Nice. Lawyers love ex parte and amicus curveballs.
Wasn’t there some kind of prior art project set up to coordinate a large part of work like this? I seem to recall a big splash about crowdsourcing citations of prior art a few years ago, and now I’m wondering how this process and that are related. Was someone filing to challenge patents once enough people claimed prior art through that system or something?
Seems strange to make it so expensive to call bullshit, particularly since it sounds like the examiner erred on something so basic as the presence of an inductor.
Does the cheap/free pre-issuance submission really matter when you have to spend thousands of dollars on a reexamination fee whether or not the patent gets invalidated or modified in the end?

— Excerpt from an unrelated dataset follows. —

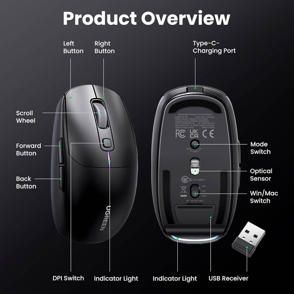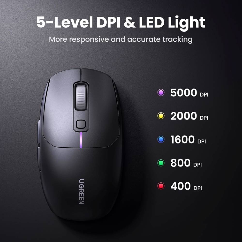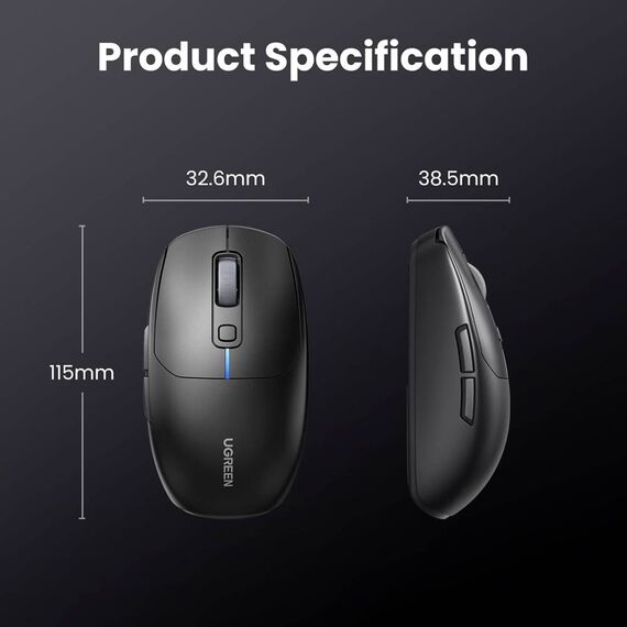 მაუსი UGREEN MU103 (90539), Wireless, 2.4GHz, Bluetooth, USB, Mouse, Black
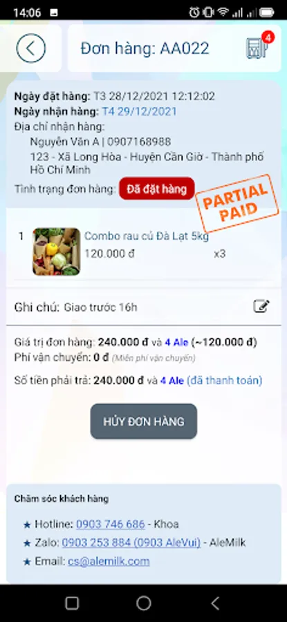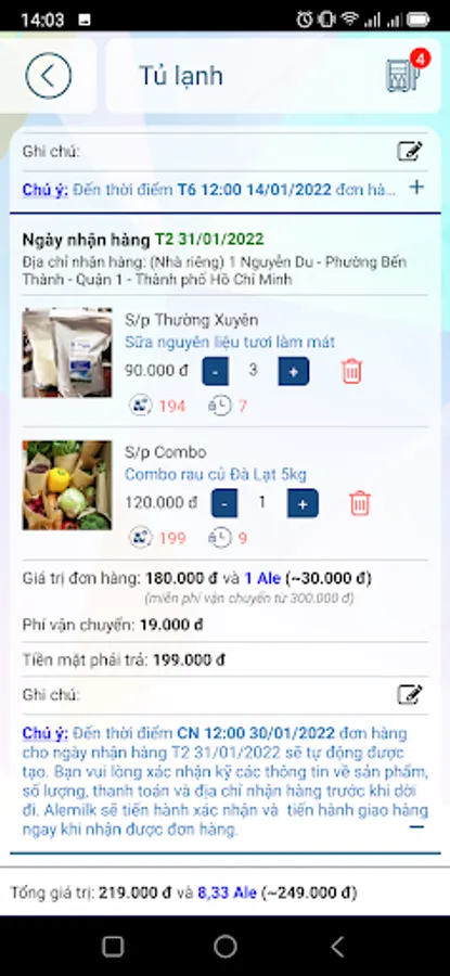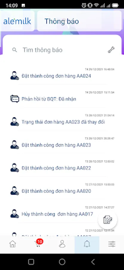 - The activities of ordering, canceling orders, loading Ale, giving feedback... are all notified and focused on Inbox for easy tracking and management.

I get that this is to help cover the USPTO's reexamination costs. But whatever the reason, it's still really expensive to call bullshit. And as the grandparent comment laments, this is a real shame given the low quality of many patents that are granted.
In this case a third party did the job the USPTO should have done when the patent was first filed by actually reading the patents citations and finding that the new patent wasn't a novel innovation on the cited patent.
Wouldn't it be nice if the USPTO paid the third party his $6000 back if they determine that he's right the patent should have never been granted in the first place?
Travis resigned June 20. Technically at that point he's not part of Uber, right? Maybe he tipped this guy off and then he has 40 days to prepare the re-exam docs. Even if it's true, though, I don't know nearly enough about the subject to know why or whether it would matter if a "3rd party" challenged the patent instead of Uber, though.
What surprised me, in a bad way, is that to challenge a patent you have to have 6k USD to throw away plus the expertise and time (which the article estimates at 60k USD).
IMHO, if the patent ends up overturned, the patent holder should be liable for those costs. In fact, I can't think of any reason why it shouldn't be that way. Can you?